Back in the day, in the Jewish shtetls of Eastern Europe, the run-up to Hanukkah was also the time for fattening poultry — “Hanukkah is coming and the geese are getting fat” — as the old Hyman family saying went. Cooking oil was hard to obtain, and the main source of kosher solid fat for meat cookery came from chickens, ducks and geese. Schmaltz is still a delicious substitute in which to fry your latkes instead of oil, although the health police would say it’s like choosing between a heart attack and, er, a heart attack.
Potatoes, an essential latke ingredient
It should also be remembered that potatoes — that other essential component of the latke — didn’t arrive in Europe until the 16th century, and were not widely cultivated throughout Russia, Poland, Lithuania and the Ukraine until the early to mid-19th century. Once they became a staple, however, Hanukkah in the shtetls was never the same. Potatoes and goose fat were an obvious combination to create a pancake that was quickly fried — and just as quickly consumed. Indeed, the potato latke was probably directly responsible for generations of generous Jewish hips.

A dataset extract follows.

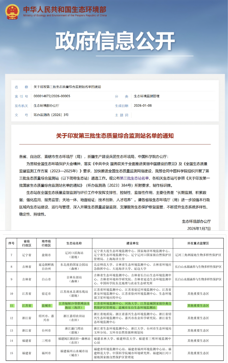 ——江苏辐射沙脊群滩涂浅海站(海洋)入选第三批生态质量综合监测站
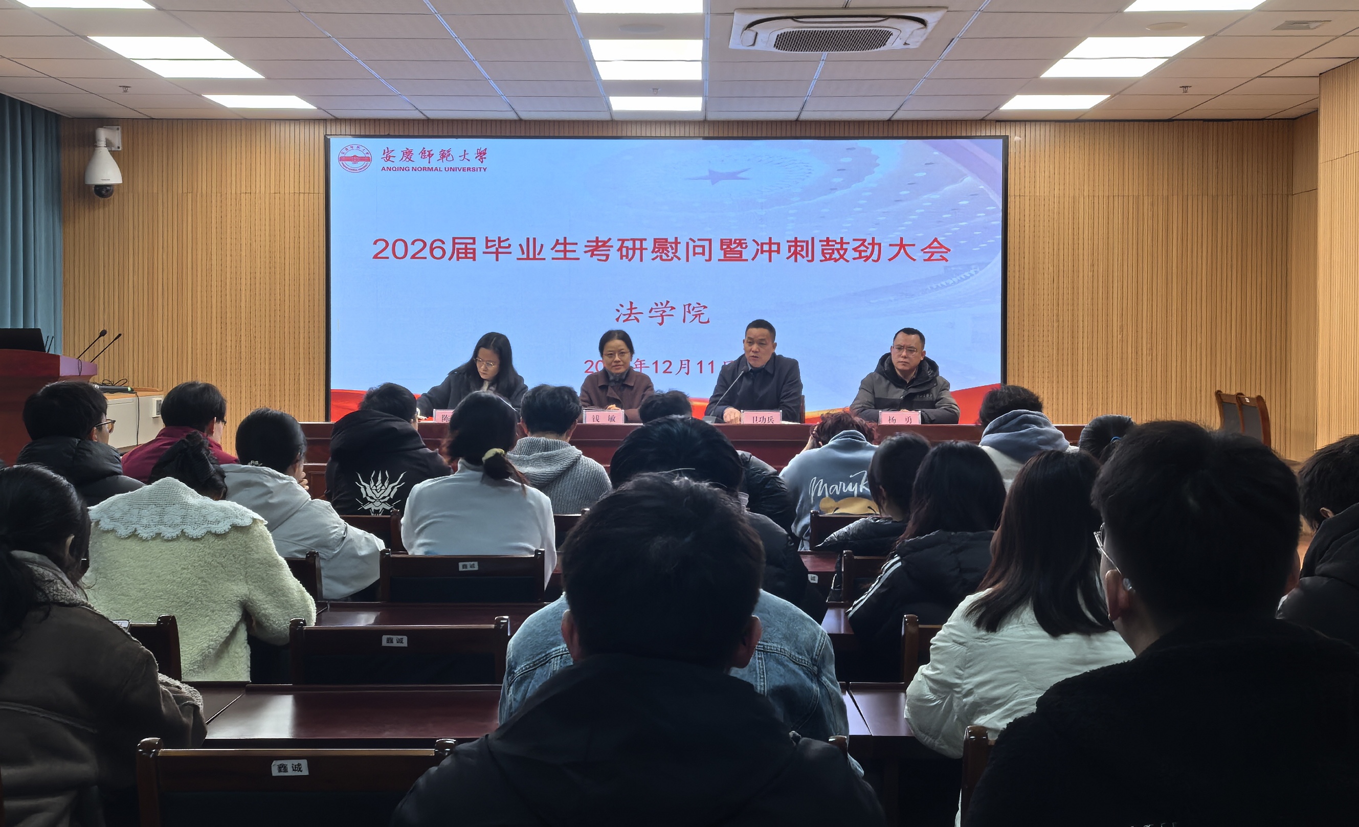 12月11日,玛雅论坛 在102法治大讲堂举办2026届毕业生考研慰问暨冲刺鼓劲大会。玛雅论坛 党委书记钱敏出席会议并讲话,2026届毕业班辅导员、考研学生参加会议,党委副书记卫功兵主持。

Quantity is all very well. Indeed, it is a hallowed Jewish tradition, but we’ve become a little more discriminating since potato first met oil. The designer latke is everywhere. Theoretically, and indeed gastronomically, there is nothing wrong in this. As the essence of the festival is in the oil and the frying, latkes can be made with any vegetable from beetroot to zucchini. However, for traditionalists, the potato will always be at the heart of things. Speaking personally, a latke without the potato is like fancy without the schmancy.

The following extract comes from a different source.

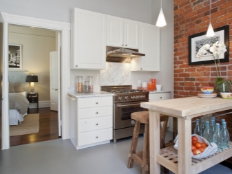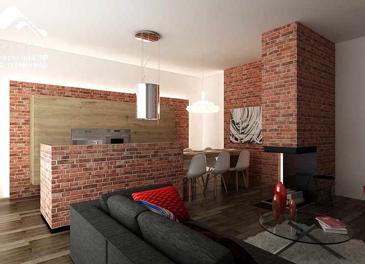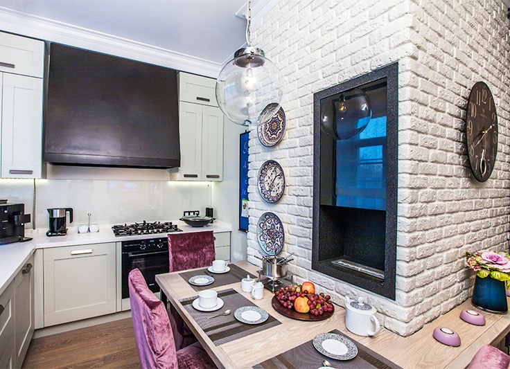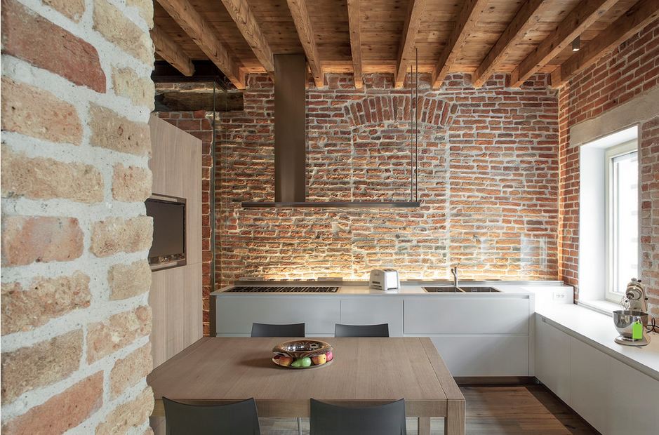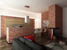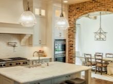 - Cuisine L'utilisation de briques vous permet de zoner l'espace, par exemple en mettant en évidence la zone de la table à manger. Une des meilleures solutions est la tuile en brique, grâce à laquelle vous pouvez décorer un tablier et finir l’îlot de cuisine.

Making latkes is a serious business, responsible for blood, sweat and tears in probably equal proportions. In order to be prepared for the ordeal ahead, I offer this simple (hah!) guide. Study, take Prozac and GO FRY.
Deconstructing the latke
You have to have the right potato. They should be floury not waxy.
Peeling or skin on?
This is where the trouble starts. Some leave the skin on, unless the potatoes are particularly coarse. Most insist peeled are best.
There are two routes to go: whole-soak or shredded-soak.
With the first, you peel and soak the whole potatoes in cold water for between 30 minutes and 24 hours.
With the second, you grate the potatoes and soak in cold water for at least half an hour, rinsing in a few changes of clean, cold water. Some use lightly salted water for soaking.
Most authorities agree that if you are not going to soak, grating should be done only about 15 minutes before cooking or the potatoes will turn brown.
Grating vs. shredding
In other words, short, stubby bits vs. long, thin bits. Or fine grate vs. coarse grate.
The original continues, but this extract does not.